第17話「皇女が村を訪れた理由」
「それではお聞かせ願えますか? なぜ、この村を訪れたのか。その経緯を」
「それは――」
「聞いてくださいますか⁉ 私はこの地に聖女がいると聞いてやってきたのです!」
「ほう……聖女ですか」
ダリアスがあらためてここまで来るに至った理由を訊ねた。そこでメイドが口を開こうとしたところを遮り、メイスは興奮した面持ちで声を上げる。
そんな様子を興味深く見ながら頷き、その先を促す。
「そう……そして先ほどの輩に馬車が襲撃され、運転していたメイドのリディヤも怪我を負ってしまい命からがら、この村へ逃げ込んだのです」
「(えっ? 急に落ち着いた⁉)」
「それは大変でしたね……」
「しかし! そこに救世主が、いえ! 聖女さまが現れたのです!」
「(かと思ったらまたヒートアップした⁉)」
促されたメイスは語るうちその言葉は熱を帯びていく。
「聖女がいるという噂自体は聞き及んでいましたが、まさかわたくしたちを魔族の救世主でもあったとは思いませんでした! ガルナ、今一度お礼を申し上げます。わたくしたちを救ってくださりありがとうございます!」
「そ、そんな! 顔を上げてください! 私はあのときやれることをやっただけですから!」
「たとえそうだとしても、わたくしたちがあなたに──あなたたちに救われたことは事実ですわ」
「そうです。ガルナさま。どうか姫さまの気持ちを受け取ってあげてください。もちろん私もガルナさまに感謝しております」
先ほどまでの雰囲気から一転、しおらしくなった姿を見て、あらためてガルナの中で人を救ったという実感が湧いてくる。
ガルナはそんなふたりの想いを肯定し静かに頷いた。
「わかりました。その気持ち、頂戴いたします」
「ありがとうございます。ガルナ。嬉しいですわ」
メイスが微笑むとガルナも釣られるように微笑みを返した。
そんな様子にその場の雰囲気は和やかなムードが流れた。
「さあそろそろ行くか」
「うん、わかった」
「ダリアス、あなたのお料理、美味しかったですわ」
「ありがとうございます。皇女さまの普段召し上がっておられる食事に比べれば粗末のものに過ぎませんが」
「いいえ。そんなことはありませんわ。あなたの作ったお料理にはたしかに温かみがありましたもの」
「大変恐縮でございます」
そしてしばらくの時間が経過し、一行は村を出てから王都に向かうことになった。
この村で起きた出来事を国王に報告しなくてはならない。もちろん各々の用事はそれだけではないが。
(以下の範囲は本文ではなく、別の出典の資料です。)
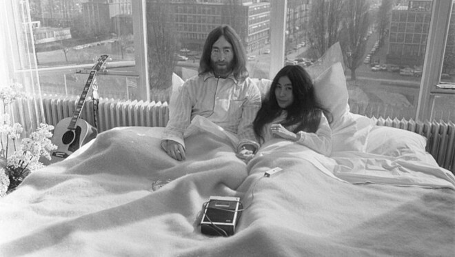 Джон и Йоко провели медовый месяц в борьбе за мир. Они поженились 20 марта 1969 года, а уже 25 марта в Амстердаме начали свой постельный перформанс против войны во Вьетнаме. Целую неделю Джон и Йоко протестовали, не вылезая из постели в отеле “Хилтон” и непрестанно давая интервью. Через некоторое время звездная чета повторила перформанс в Монреале, куда Джон пригласил Тимоти Лири, Аллена Гинзберга, Дика Грегори и еще десяток друзей. В постели же Леннон сочинил и впервые исполнил песню Give Peace a Chance.
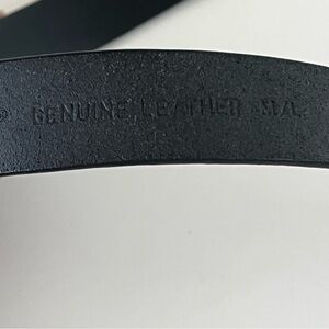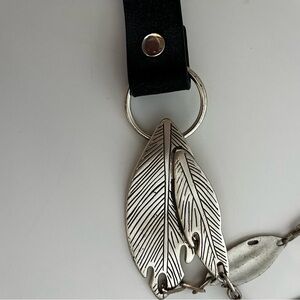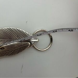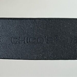 CHICO’S Silver heavy metal embossed atrsy leaf chain and black adjustable slide black leather belt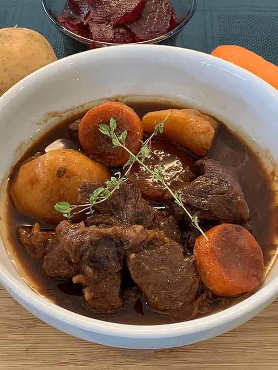 This is traditionally accompanied with pickled purple cabbage. The acidity of the pickled cabbage balances the richness of the stew. If not available, you may substitute pickled sugar beets (see below for recipe). Or you can serve it with achara.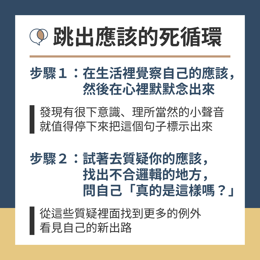 步驟2:試著去質疑你的應該,找出裡面不合邏輯的地方,然後問問自己「真的是這樣嗎?」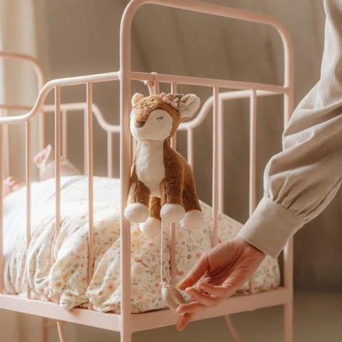 Vai e dormi bene. Questo cerbiatto addormentato ti conduce in un mondo da sogno pieno di meraviglia e immaginazione. Crea una routine della buonanotte fissa con le incantevoli melodie di questo grazioso carillon. Tira l’anello di legno e la dolce ninna nanna inizia a suonare mentre il tuo piccolo si addormenta. Un regalo meraviglioso e una splendida decorazione per la cameretta.

「まあ! 姫さまったらそれではまるで我がアクアレイン皇国の食事が温かみがないみたいではありませんか!」
「そのような意図はなかったのだけれど、そのように聞こえたかしら?」
「聞ーこーえーまーしーたー!」
メイスとメイドのリディヤは軽口を叩く。
どうやら公の場ではない場所ではそのようなやり取りが珍しくないほどに自然にガルナとダリアスの目には映った。
「聞きたいのだけれど、この村に墓場はあるのですか?」
「えぇ、もちろん。墓場ならば、ここからそう遠くない距離にございますよ」
「そう。であるならば案内してもらってもいいかしら?」
「墓場にですか……はい、かまいませんよ」
こうして一行はメイスの頼みで村を出る前に墓場に立ち寄ることになった。